The following article contains excerpts from a research paper submitted as part of a term project in Natural Language Processing. The main purpose of this project was to analyze and implement a previously published research paper of our choosing relating to modern solutions for NLP named entity recognition. I chose to implement and analyze GRAM-CNN originally implemented by the University of Florida.

The Problems of Scientific NER

A common task in NLP, known as Named Entity Recognition, consists of identifying key words or concepts in a text as part of a classifiable entity. Generally this problem is tackled through statistical modeling, feature dictionaries, hand-crafted rules, etc. However, when applied to a complex textual domain like dense biological texts these models under-perform. While they may have some success with standard texts, these models are: expensive to produce, highly specialized to their original domain, and not generizable to new domains, new vocabulary, or non-standard usage of old concepts. Meanwhile, biology based text is made up of multiple languages like Latin and Greek, named entities that compose other named entities, long words and phrases used with varying frequency, and a constantly increasing vocabulary of these words and phrases. The most commonly used methods for Bio NER involve machine learning techniques applied along with the statistical modeling method known as conditional random fields (CRF). However, while CRFs are ideal for modeling, and subsequently labeling, sequences using the intermixed neighboring context of words, they heavily rely on features of any given input. These may include pre-defined “orthographic,morphological, linguistic-based, conjunctions and dictionary-based” rules that define the context and usage of words in the text. Like the previously mentioned methods, these features are generally hand-crafted through expensive human analysis and not transferable to new text. However, we can attempt to learn these features using Deep Learning techniques, combined with the proven use of CRF, and an appropriate dataset.

Original GRAM-CNN Paper

The original authors of GRAM-CNN theorized that through the use of deep convolutional layers, pre-trained embeddings, and syntactical features they could form an accurate and generizable model applicable to multiple forms of biological text . Their main goal was to provide a representation model that could fill in the gaps when a new or misspelled word appears in the text. To achieve this the authors needed an initial representation model for each word. Rather than use a sparse / orthogonal representation like one-hot encodings that capture none of the meaning or context behind words, the authors chose Word2Vec.

Word2Vec Representations

Word2Vec is a probability based method that learns weights that can predict a probability distribution for each context word in a fixed-size sliding window given a center word as a conditional value. This method iterates over the full text and updates a series of weights for the center W_c and context words U_o based on their accuracy to predict the center vand context word u over all words in the vocabulary. The overall goal is to maximize the total likelihood, which we can define as the chained conditional probability of all the context words in a window, chained over the entire text, using our learned representations. Unlike the standard one-hot encoding method, this method allows for a learned vector representation of the word that is lower in dimension, encompasses more than just the discrete label for the word, and is transferable to other tasks. However, this method is limited by the vocabulary found in the training corpus, and is unable to generalize towards completely unseen or mispelled words. To address this the authors use a character level model built up using multi-layer convolutions.

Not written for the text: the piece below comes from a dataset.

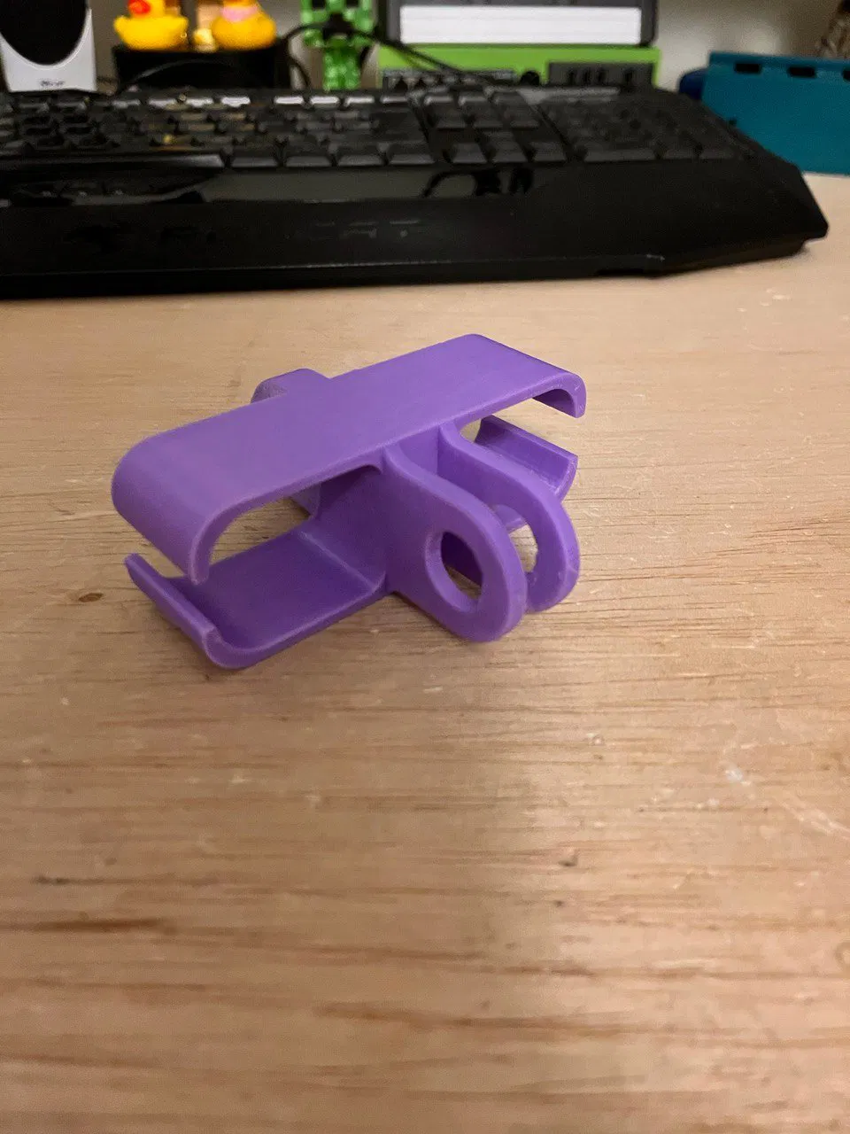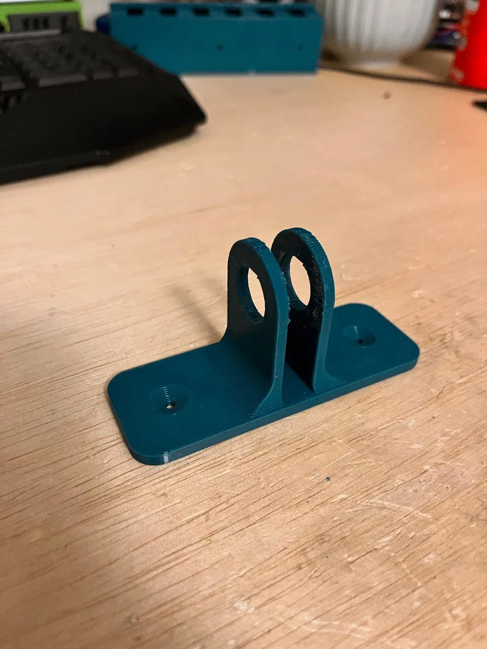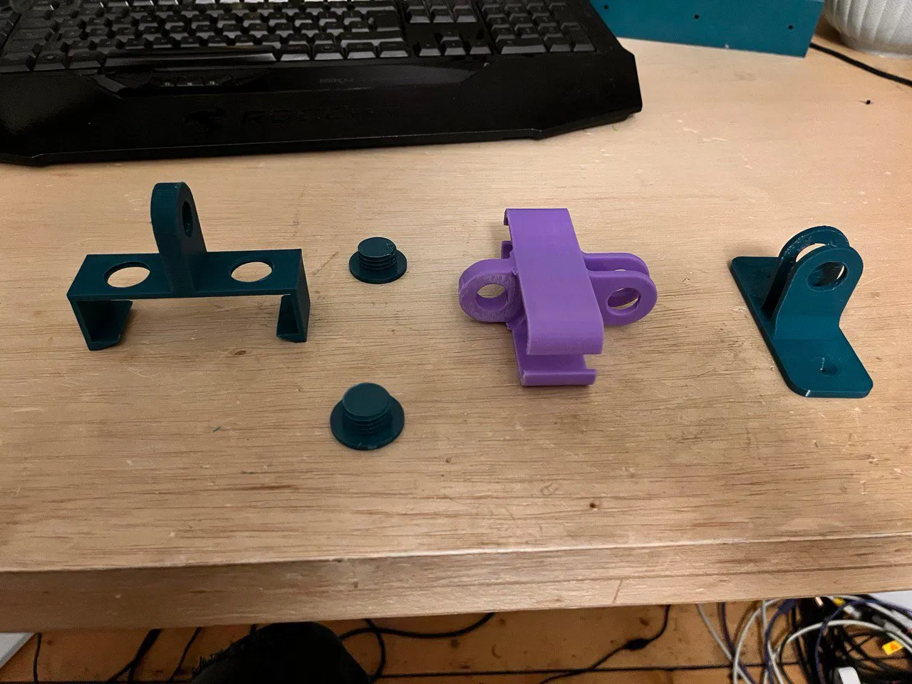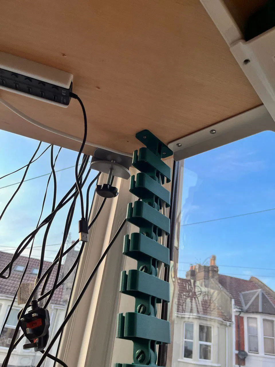 Nhiều bàn làm việc đứng gặp vấn đề quản lý dây cáp kém vì tất cả dây cáp phải dài gấp đôi để hỗ trợ bàn di chuyển lên xuống. Ban đầu, tôi đã dùng một số ống quản lý cáp để bó các dây lại với nhau, tuy nhiên, điều này chỉ có nghĩa là thay vì có rất nhiều dây lòng thòng và bị vướng, tôi chỉ có một vài sợi dây rất dày. Điều này gây ra nhiều vấn đề khi dây bị kẹt và làm bật thiết bị ra, có khả năng gây hư hỏng. Cuối cùng, tôi quyết định in một cánh tay quản lý cáp được gắn vào bàn và cho phép dây di chuyển theo một cách nhất định. Chân bàn đứng tôi sử dụng được liên kết bên dưới:

    \[             P(U_o | W_c) = \frac{exp(U_o \bigcdot v)}{\sum_{w \epsilon V} exp(u_w \bigcdot v)} \]

    \[     L(\theta) = \prod_{t=1}^T \prod_{W_o \epsilon W(t)} P(W_o|W_t; \theta) \]

GRAM-CNN Approach

Essentially, the authors attempt to build a word representation by building up from simple character groupings, of multiple sizes, to higher order combinations that may represent the word. The authors posit that combining this representation with the word embedding may fill in the gap when a word is missing or misspelled. The authors implement this concept using stacked 2D convolutional layers of different kernel and feature sizes. By applying these convolutions to an embedding representation of the input, they can achieve a mixture of the word representation at different kernel sizes / character distance. They use max pooling layers after each convolution in order to extract only the most impactful features. Once the convolutions are complete, they concatenate the resulting feature maps into a sequence the same size as the original input. Over this sequence they also concatenate the Word2vec representation for each word and a index representation of the syntactical role it plays (i.e part of speech). Once each set of features is concatenated into a total representation the authors employ another 2D convolutional stack, similar to the first, in order to simulate N-gram calculations. In a standard implementation, the main goal is to model the language used in the training text by grouping words at varying sizes 1 to N-1, and predict the next word for the group at size N. The authors use the total embedding as input to a convolutional stack of varying kernel sizes in order to mimic a form of this concept. Max pooling is again used to reduce the resulting feature map for each time step to only the most useful features.

CRF Sequence Predictions

The authors then employ a linear-chain conditional random field to generate the most probable sequence of labels. The author’s implementation of CRF uses a unitary potential for each entity label and a binary potential for transition between label types. The(T) matrix provides transition score for moving from the previous tag to the current, while the P matrix provides the score of the current word (i) matching to a label (y). This forms the objective function which we train for by maximizing the log likelihood probabilities of labels of sequences produced by a softmax function. The CRF layer allows the model to make label predictions by taking into account the label score of a word and the words around it.

    \[     s(x,y) = \sum_{i=0}^nT_{y_i,y_{i+1}} + \sum_{i=0}^n P_{i,y_i} \]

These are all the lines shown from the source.